__Task__. Pictures aside, can you reproduce the records word for word?

(Records excerpted from a collection)
:::

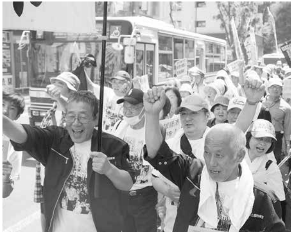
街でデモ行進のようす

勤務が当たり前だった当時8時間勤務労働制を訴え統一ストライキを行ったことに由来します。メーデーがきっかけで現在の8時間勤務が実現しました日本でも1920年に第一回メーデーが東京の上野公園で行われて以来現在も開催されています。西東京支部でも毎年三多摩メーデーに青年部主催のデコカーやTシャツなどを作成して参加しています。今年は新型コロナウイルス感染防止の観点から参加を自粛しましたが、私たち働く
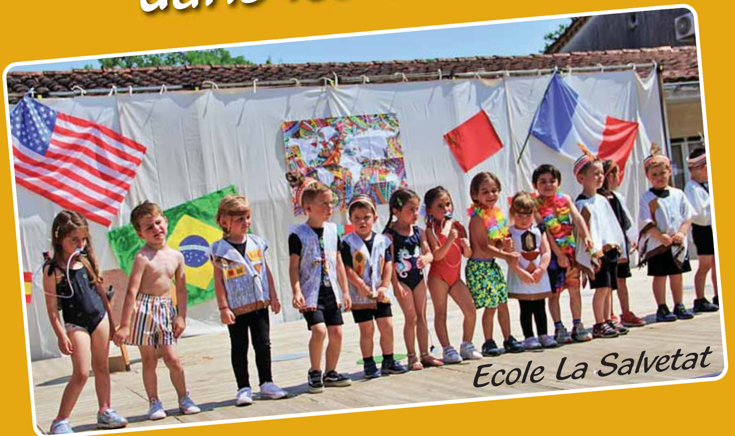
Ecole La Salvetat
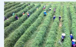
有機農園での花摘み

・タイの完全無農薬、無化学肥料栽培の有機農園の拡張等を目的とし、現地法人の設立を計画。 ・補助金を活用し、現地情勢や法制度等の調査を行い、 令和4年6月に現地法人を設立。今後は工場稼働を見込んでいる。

:::

__Written answer__.
街でデモ行進のようす

勤務が当たり前だった当時8時間勤務労働制を訴え統一ストライキを行ったことに由来します。メーデーがきっかけで現在の8時間勤務が実現しました日本でも1920年に第一回メーデーが東京の上野公園で行われて以来現在も開催されています。西東京支部でも毎年三多摩メーデーに青年部主催のデコカーやTシャツなどを作成して参加しています。今年は新型コロナウイルス感染防止の観点から参加を自粛しましたが、私たち働く
Ecole La Salvetat
有機農園での花摘み

・タイの完全無農薬、無化学肥料栽培の有機農園の拡張等を目的とし、現地法人の設立を計画。 ・補助金を活用し、現地情勢や法制度等の調査を行い、 令和4年6月に現地法人を設立。今後は工場稼働を見込んでいる。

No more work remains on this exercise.